1. Americanah by Chimamanda Ngozi Adichie
If you are the romantic type, this is the book for you. Beginning in Nigeria and taking place over several years and continents, high school sweethearts, Ifemelu and Obinze prove that good things take time. To pursue an American education for her college years, Ifemelu travels across the ocean. However, fitting in isn’t as easy as she believed, and her relationship with Obinze struggles. Many years later, she decides it is time to move back home, and faces adjustment challenges going back as well. However, now she and Obinze are back in the same town. Will they reconnect? Has he moved on? Throughout this read, I came to more fully understand the life of an immigrant and the sacrifices people make to follow their dreams.
2. Homegoing by Yaa Gyasi
This might be the most eye-opening book I have ever read. In a unique format, each chapter has a different narrator, but each narrator is also generationally related to the other. The book is basically one huge family tree, showing the completely different life paths that result from one half-sister staying in Africa married to nobility, and the other being forced to go to America on a slave ship. Across generations, the reader experiences first-hand accounts of life on a plantation, centuries of warfare in Ghana, British colonization, jazz clubs in Harlem, love, loss, and everything in between. If you are looking for a book that will time-travel you across an unforgettable experience, this will certainly deliver that in an emotionally powerful way.

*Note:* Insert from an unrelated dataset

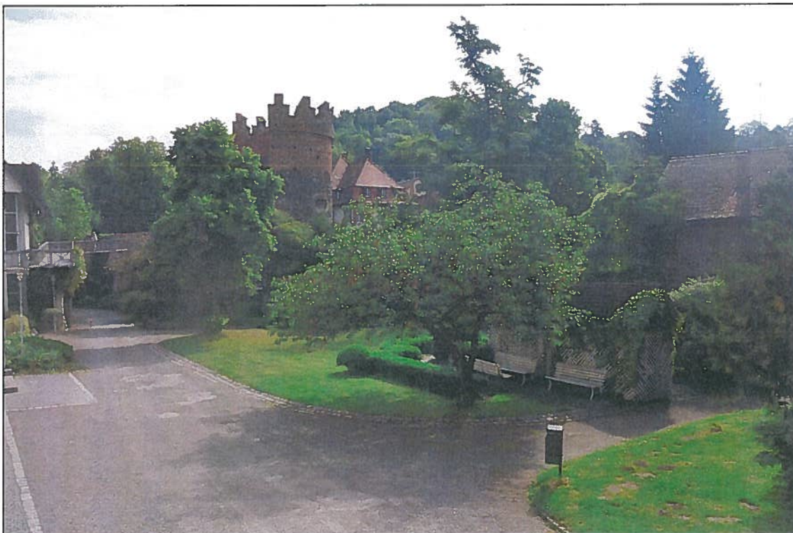
Abbildung 4: Blick über die Fläche von Südwesten.

3. Born a Crime by Trevor Noah
The only non-fiction book on the list, this memoir shares the life of hilarious former The Daily Show host Trevor Noah, and his childhood during the South African Apartheid. During Apartheid, interracial relationships were illegal, thus making his existence a crime. As his story unfolds, the reader learns how this remarkable comedian went from spending most of his childhood hiding behind closed doors, to sitting at one of the most televised talk show desks in the United States. Personally, I didn’t realize how current apartheid was until I read this autobiography, and after this enlightening read, I found myself feeling more knowledgeable about the world — and even took a class on South African Apartheid last spring!
I hope you find these reads as engaging as I did. In addition to being addictive reads, these books will leave you more knowledgeable about Black history than they found you. Wishing you a meaningful and impactful Black History Month!